The lack of significant differential activation in NCM prevented us to test for potential correlation between differential activations and learning strength. Nevertheless, a correlation between [TUT minus Rest] and learning strength could be expected in NCM based on earlier studies [28][30]. Such analysis failed to reveal any significant correlation (left NCM: R2max = 0.36, p = 0.15, Right NCM: R2max = 0.09, p = 0.86). However one can notice that the maximal correlation value measured in left NCM was of the same magnitude as the one measured between TUT selectivity and learning strength in right MLd (R2 = 0.36 for both correlations). The big difference in term of p values is due to the correction for multiple tests applied in NCM (corrected/uncorrected p value = 0.15/0.006), which is directly related to the size of the investigated region. The correlation analyses performed on NCM were thus much less sensitive than the ones performed on MLd. Interestingly, a cluster of voxels in left NCM surviving the uncorrected p threshold of 0.05 was located in the posterior and lateral part of NCM (fig. 8), where Bolhuis and colleagues previously found a significant correlation between tutor song evoked gene expression and learning strength [28][30]. Intrigued by this similitude, we further explored whether the correlation with learning strength was specific to tutor song or whether similar results could be found for BOS and CON evoked activations. These last analyses revealed no correlation of learning strength with [BOS minus Rest] and [CON minus Rest] (fig. 9, R2<0.14; p values>0.14), suggesting that as in Terpstra et al. study [30], the correlation was specific to the tutor song.
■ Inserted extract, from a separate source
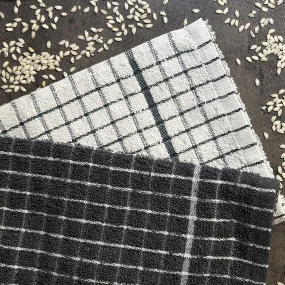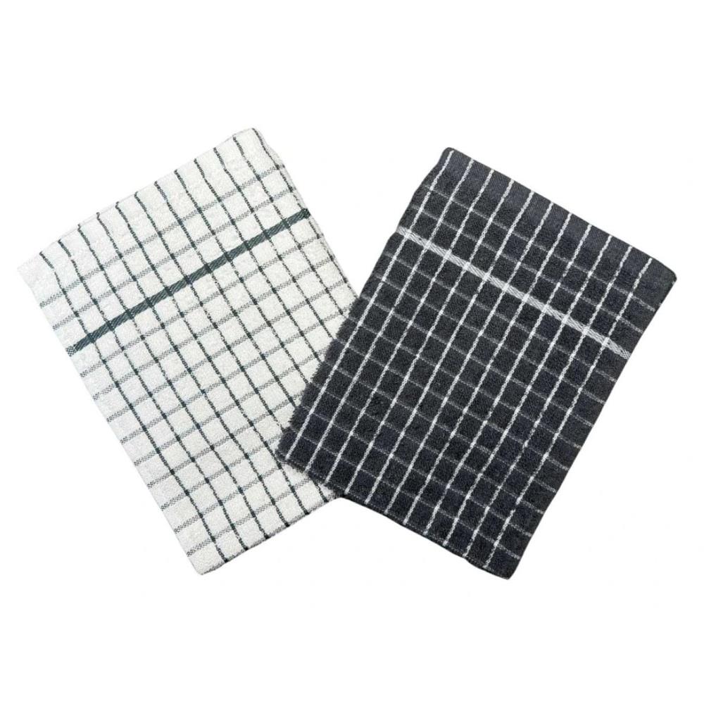 Dopřejte své kuchyni šmrnc s touto sadou dvou kvalitních utěrek v šedobílé barvě. Utěrky ze 100% bavlny vynikají vysokou savostí a jsou mimořádně příjemné na dotek, takže se stanou vaším nepostradatelným pomocníkem při vaření i úklidu.

Figure 8. Correlation map of [TUT minus Rest] versus vocal learning strength in left NCM.

Results are superimposed on sagittal and axial anatomical slices coming from the zebra finch MRI atlas and displayed at a p threshold of 0.05 without correction for multiple tests. R2 values are color coded according to the scale displayed at the right side of the figure. D: dorsal, V: ventral, A: anterior, P: posterior; L: left; R: right.

Figure 9. Correlation of TUT, BOS and CON responsiveness with vocal learning strength in left NCM.
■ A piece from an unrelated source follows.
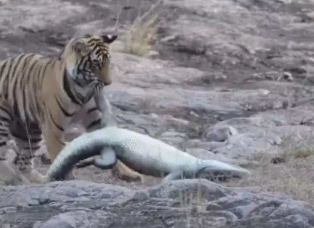 जानकारी के अनुसार- घटनाक्रम रणथंभौर टाइगर रिजर्व में आज सुबह की सफारी के दौरान जोन नंबर 4 के जामुन देह क्षेत्र में हुआ। पर्यटकों को करीब 9 बजे तालाब के किनारे बाघिन पहले से घात लगाकर बैठी दिखाई दी। इस दौरान जैसे ही एक मगरमच्छ तालाब के किनारे आया तो वह उस पर टूट पड़ी। दोनों में करीब 10 मिनट तक संघर्ष चला। मगरमच्छ को पानी का सबसे खतरनाक शिकारी माना जाता है, लेकिन यहां बाघिन से संघर्ष में वह मारा गया। इसके बाद बाघिन उसके जबड़े में दबोचकर चट्टानों से जंगल की ओर ले गई। पूरा घटनाक्रम तेजी से हुआ और पर्यटक भी बाघिन की फुर्ती देखकर हैरान रह गए। पूरे सीन को वहां मौजूद पर्यटकों ने अपने कैमरे में कैद किया। नजारा बेहद रोमांचकारी होने के साथ- साथ दुर्लभ भी था, क्योंकि आमतौर पर बाघ भारी भरकम मगरमच्छ का शिकार कम करते है।

TUT, BOS and CON responsiveness are expressed as the mean amplitude estimates of the BOLD activations [TUT minus Rest], [BOS minus Rest] and [CON minus Rest], in non-dimensional unit) in the left NCM cluster illustrated in Fig. 8. Note that the R2 value in the left panel (0.3089) corresponds to the correlation value between learning strength and the [TUT minus Rest] signal averaged over the NCM cluster illustrated in Fig. 8 whereas the value reported in the text (0.36) corresponds to the correlation in the voxel where this correlation is the highest (R2max). These two R2 values are significantly different than 0. Correlation of BOS and CON responsiveness with learning strength are not significant.


The present study demonstrates selectivity for tutor song and bird's own song in right MLd, the main auditory midbrain nucleus. This selectivity was defined by a higher BOLD response induced by TUT and BOS than by CON. The impact of acoustic features was controlled by using a conspecific song acoustically close to BOS and TUT and by a posteriori testing potential correlation between the strength of selective signals and the estimated amplitude of the residual acoustic differences between the stimuli. Such correlations were found not significant, ruling out the acoustic parameters as the main experimental factor responsible for the selectivity. This result rather suggests that it is the interaction between the acoustic features and the stimulus history which is responsible for the selectivity. The nature of the stimulus history responsible for the selectivity can be narrowed down since we used a familiar conspecific song as a control stimulus. The conspecific song came from a bird housed with the experimental bird after the end of the sensori-motor learning period (i.e. after 100 DPH), indicating that selective signals were induced by songs learned during the sensory-motor learning period.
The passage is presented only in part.